Exercise aim: If pictures appear in the lines below, skip them and copy exactly the lines from the one containing "AAU – Animal Aid Unlimited" through the one containing "Club Alcobendas Chamartín", and nothing else.

***** Supplied information

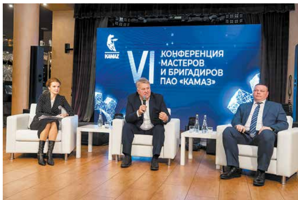
Прямой диалог — уникальная возможность получить от топ-менеджеров ответы на самые волнующие вопросы

— В компании всегда поддерживали мастеров, выросших из рабочих. Они хорошо знают и производство, и коллектив. Но молодые выпускники тоже нужны, у них
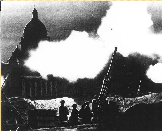
Отражение авианалёта на Ленинград. 1941
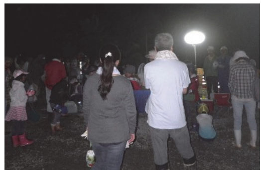
カブトムシ大会に協力
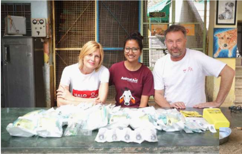
AAU – Animal Aid Unlimited
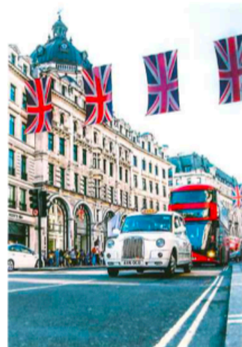
持BNO港人及其家人可以BNO「5+1」移民方案申請移民英國生活。
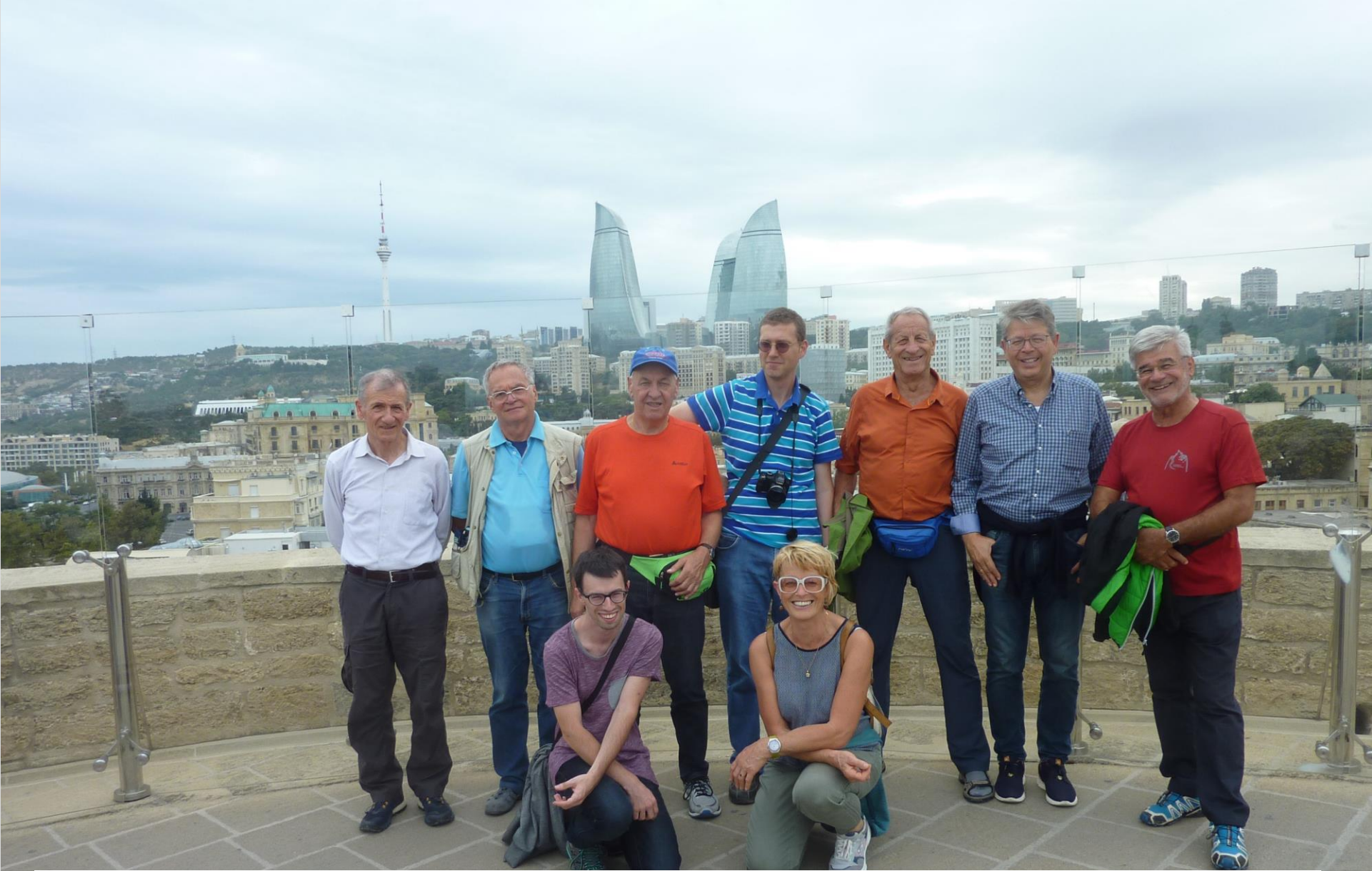
Feinstes Kulturprogramm (1): Besichtigung in Baku, Flammentürme, Hauptstadt Aserbaidshan.
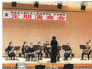
吹奏楽部 第41回定期演奏会
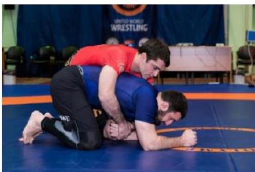
Спортсмены проводят контроль за руками
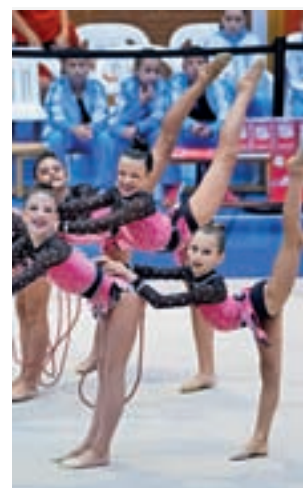
Club Alcobendas Chamartín

el 7 de octubre. El conjunto infantil finalizó en primer lugar, el alevín fue segundo y el cadete terminó quinto. En el control para la Copa de España de Conjuntos, las categorías de infantil, preferente y sénior se clasificaron y representarán a Madrid en Alicante el 25 y 26 de noviembre.
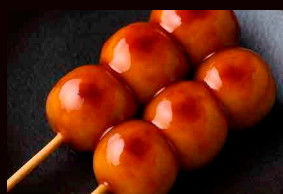
ベースぼむ〜甘味〜 BaseBomb~KANMI~ 団子と茶漬け Dango & Chazuke
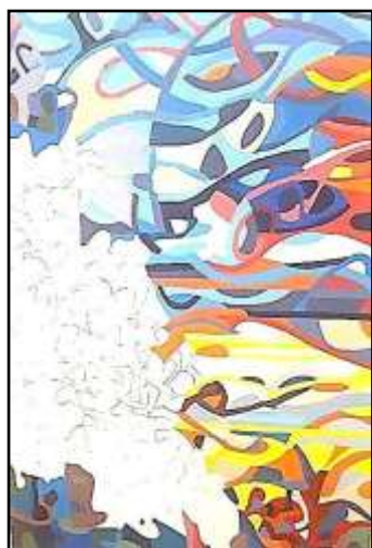
٣- مراحل التنفيذ باللون
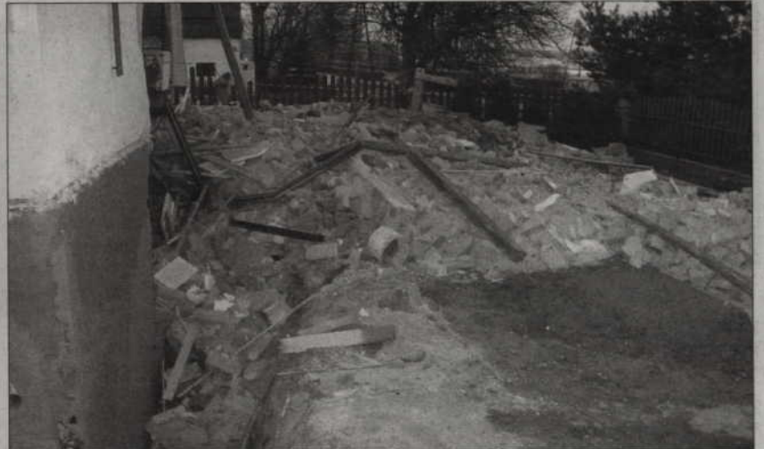
Zdaniem strażaków, przysypany mężczyzna nie przeżyłby, gdyby w momencie zawalenia się ściany znajdował się poza wykopem, tuż pod budynkiem. Na zdjęciu: Gruzy, pod którymi znajduje się robotnik.

cały odgruzowany. Oczywiście cały czas obawialiśmy się dalszego zawalenia konstrukcji, ale nic takiego się nie stało. Poszkodowanego udało się uwolnić i, jak się okazało, skończyło się tylko
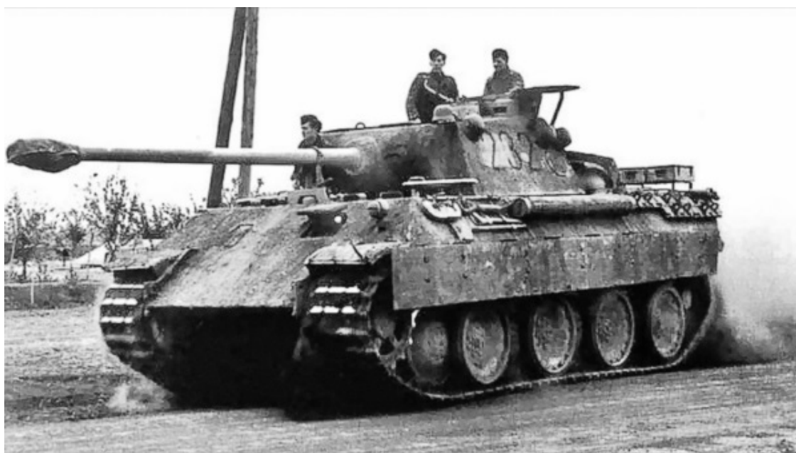
Немецкий танк «Пантера»

Линия фронта протянулась от Баренцева до Азовского моря, в районе Курска огромным выступом протяженностью 550 километров угрожающе вдавилась в расположение немецких войск. Это и есть та самая Курская дуга, где лоб в лоб должны были столкнуться главные наступательные силы вермахта и Красной армии. Почти 2 000 000 солдат, тысячи орудий, самолетов и танков изготовились на направлении главного удара в напряженном ожидании схватки.
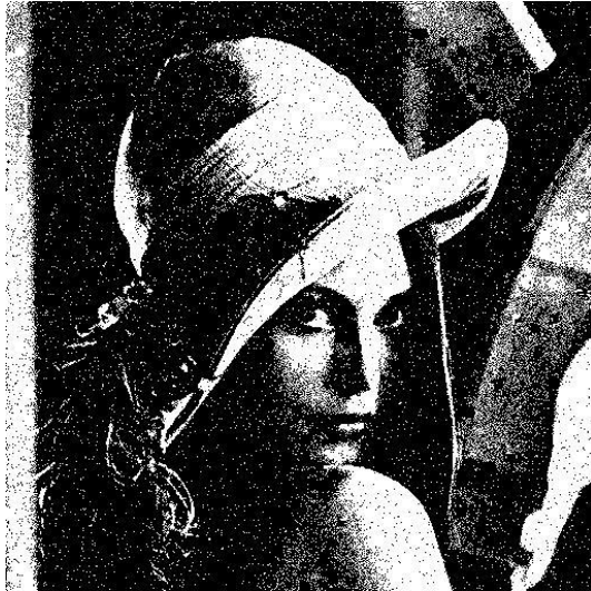
a) Imagem AP7_2
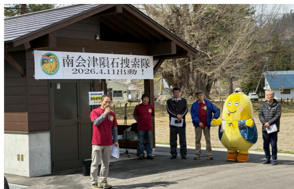
キックオフイベントの様子

今回の電気柵設置作業には51名が参加し、そのうち23名が南会津町ふるさとサポーターに登録されています。
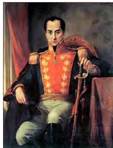
Simón Bolívar (1783–1830)

Wat is die Bybelse riglyne vir sosiale geregtigheid en is dit versoenbaar met Bolivarianisme? ‘n Goeie riglyn vir sosiale geregtigheid vind ons in die boek Amos. Die profeet spreek die oordeel uit oor die volk Israel,
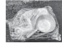
小型家電ではない（金属類など）
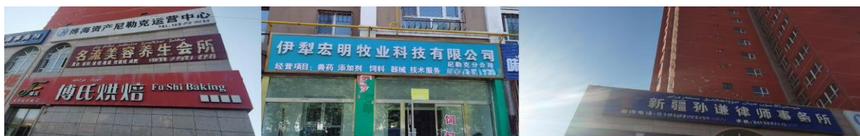
Figure 8. Company institution nameplate
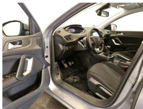
Fot. 16 Widok przez otwarte drzwi przednie lewe
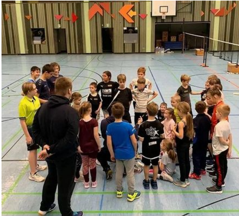
Sichtungslehrgang am LSP in Bad Marienberg
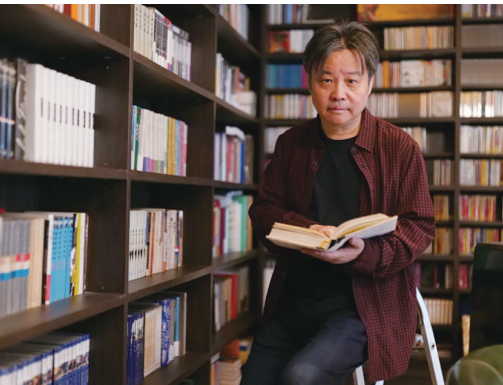
余华新作分享日常。

今年4月,莫言的微信公众号出了一篇爆款文章,标题为《莫言:今天收到了余华的投稿》,这篇投稿就是余华的散文《山谷微风》。此文一出,迅速掀起了一阵关于“风”的讨论热潮。余华在文章中引经据典,又轻盈地从经典中抽身,回忆起小时候的穿堂风和“蒲扇风”,勾起了无数人的童年记忆。
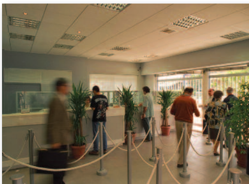
Μέσα σε ένα χρόνο διπλασιάστηκαν οι αιτήσεις καταναλωτών για διακανονισμό

Τον περασμένο Αύγουστο, το πρόβλημα των οφειλών συζητήθηκε σε συνάντηση που είχε με τον υπουργό Οικονομικών Γ. Στουρνάρα ο πρόεδρος της ΔΕΗ Αρθούρος Ζερβός. Πέρα από το προφανές ενδιαφέρον του βασικού μετόχου της ΔΕΗ (υπουργείο Οικονομικών) το ζήτημα των οφειλών του Δημοσίου προς την επιχείρηση δεν είναι αμελητέο. Με βάση τα τελευταία διαθέσιμα στοιχεία τα χρέη των υπουργείων και των οργανισμών του ευρύτερου δημόσιου τομέα ξεπερνούν τα 70 εκατ. ευρώ. Το ποσό βέβαια ήταν μεγαλύτερο στα τέλη του 2012 αλλά η εξόφληση οφειλών για τους φτωχούς σηματοδότες, βελτίω-
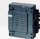
ET 200X BM Basismodule
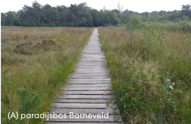
(A) paradijsbos Barneveld
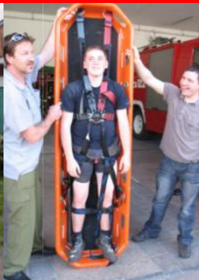
Die Haltegurte sitzen perfekt!
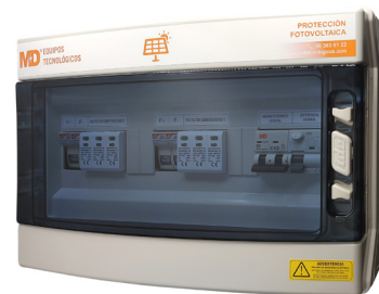
SPF 2/2-40/1000/15 (223) + AC2-25/SP

Asimismo, incluyen protección magnetotérmica y diferencial para la protección en la parte alterna.
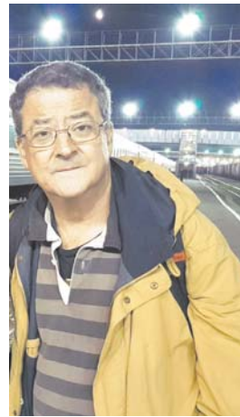
Вера Калугина Посол Швейцарии в России господин Ив Россье

Иностранные гости с любопытством рассматривали многочисленные экспонаты музея, интересовались богатствами, которые хранятся в недрах русской земли, а также задавали вопросы о перспективах развития БАМа. По окончании экскурсии туристы оставили в гостевой книге музея восхищенные отзывы о героическом труде строителей уникальной магистрали и пожелали дальнейших успехов в развитии России.
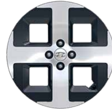
6,5 J x 17-Zoll-Leichtmetallfelgen mit 205/45 R 17 Bereifung 2
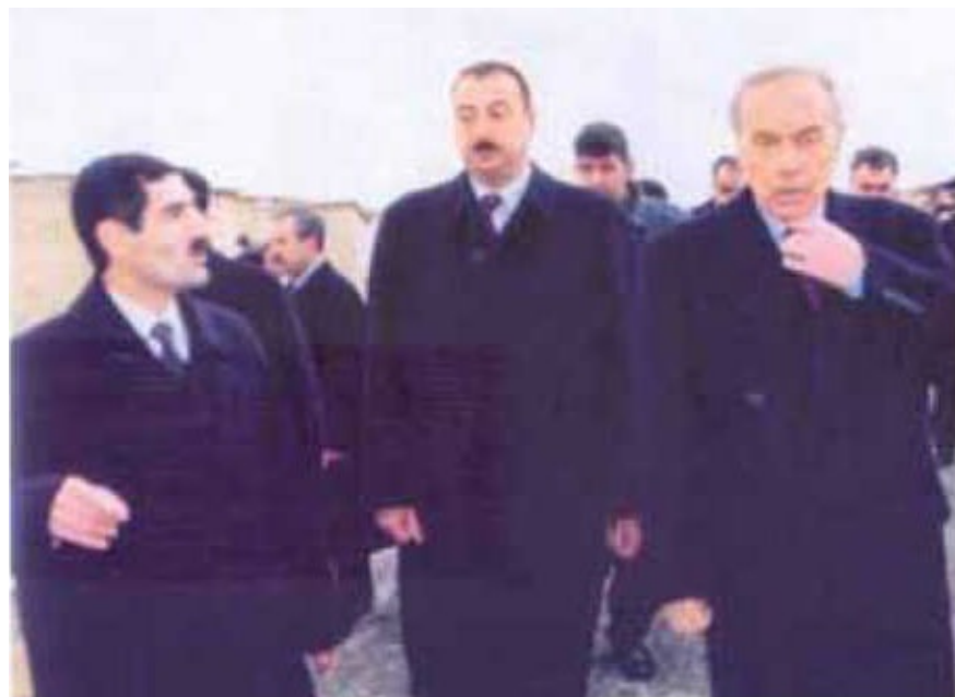
...и в городке у беженцев
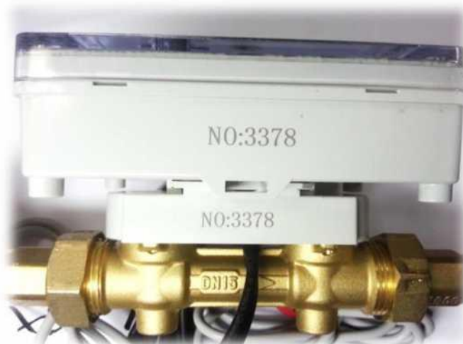
Рисунок 4. Серийный номер и отверстие в накидной гайке присоединителя.

ВНИМАНИЕ!!! При установке серийный номер на тепловычислителе должен совпадать с серийным номером на расходомере (рис.4).

**********

Answer space:
AAU – Animal Aid Unlimited
持BNO港人及其家人可以BNO「5+1」移民方案申請移民英國生活。
Feinstes Kulturprogramm (1): Besichtigung in Baku, Flammentürme, Hauptstadt Aserbaidshan.
吹奏楽部 第41回定期演奏会
Спортсмены проводят контроль за руками
Club Alcobendas Chamartín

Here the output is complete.